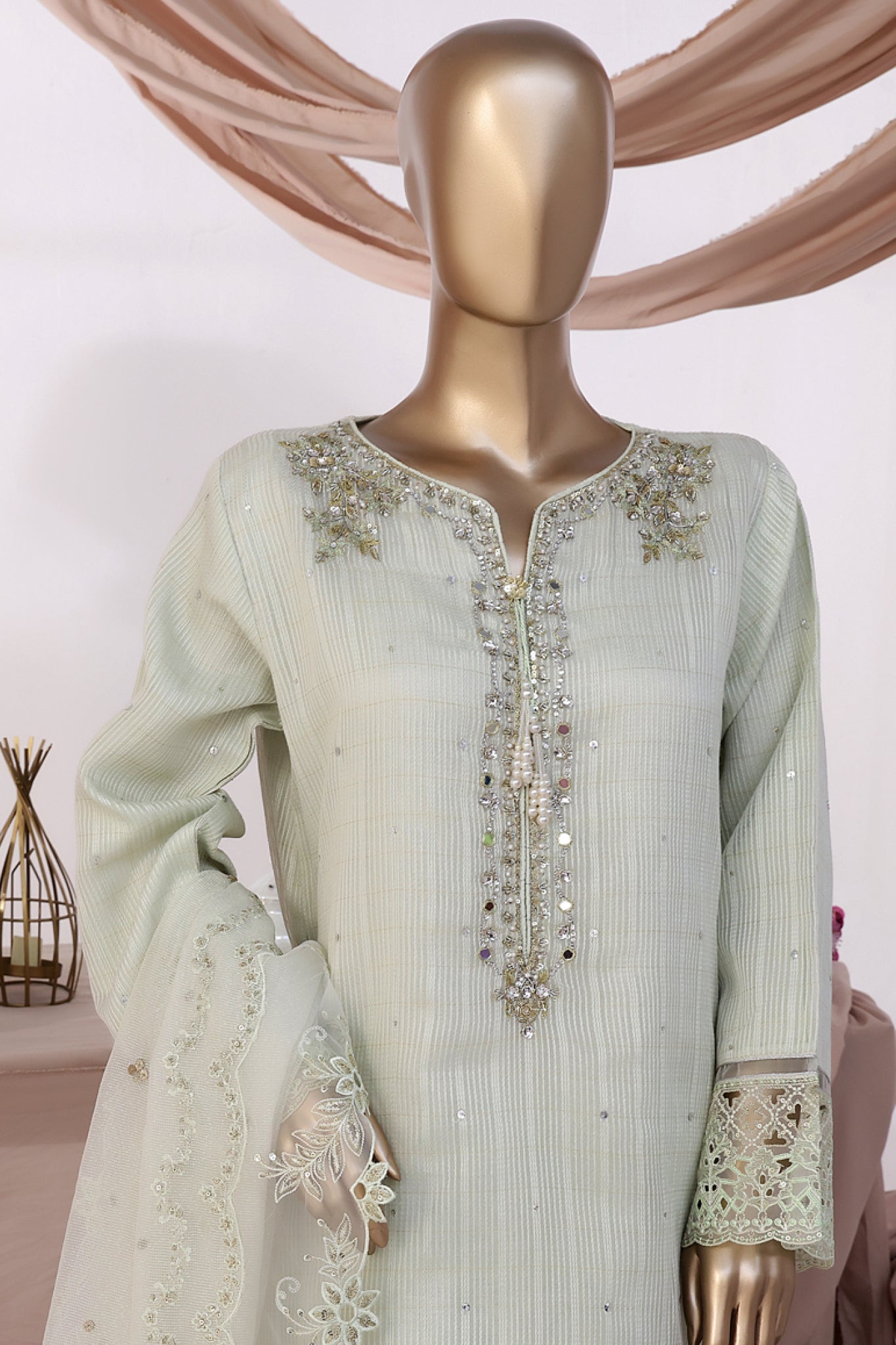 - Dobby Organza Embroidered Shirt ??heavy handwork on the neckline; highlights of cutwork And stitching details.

___

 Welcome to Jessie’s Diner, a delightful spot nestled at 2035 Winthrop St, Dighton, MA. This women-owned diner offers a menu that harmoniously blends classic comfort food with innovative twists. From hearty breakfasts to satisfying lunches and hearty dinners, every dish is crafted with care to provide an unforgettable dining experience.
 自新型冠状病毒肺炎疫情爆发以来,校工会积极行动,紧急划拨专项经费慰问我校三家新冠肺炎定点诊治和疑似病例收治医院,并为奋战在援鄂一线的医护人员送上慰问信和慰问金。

___

What the exercise asks
In the listing above, locate the line containing "Welcome to Jessie’s" and the line containing "自新型冠状病毒肺炎疫情爆发以". Transcribe those two lines and everything between them, exactly as written.

Solution to this problem
 Welcome to Jessie’s Diner, a delightful spot nestled at 2035 Winthrop St, Dighton, MA. This women-owned diner offers a menu that harmoniously blends classic comfort food with innovative twists. From hearty breakfasts to satisfying lunches and hearty dinners, every dish is crafted with care to provide an unforgettable dining experience.
 自新型冠状病毒肺炎疫情爆发以来,校工会积极行动,紧急划拨专项经费慰问我校三家新冠肺炎定点诊治和疑似病例收治医院,并为奋战在援鄂一线的医护人员送上慰问信和慰问金。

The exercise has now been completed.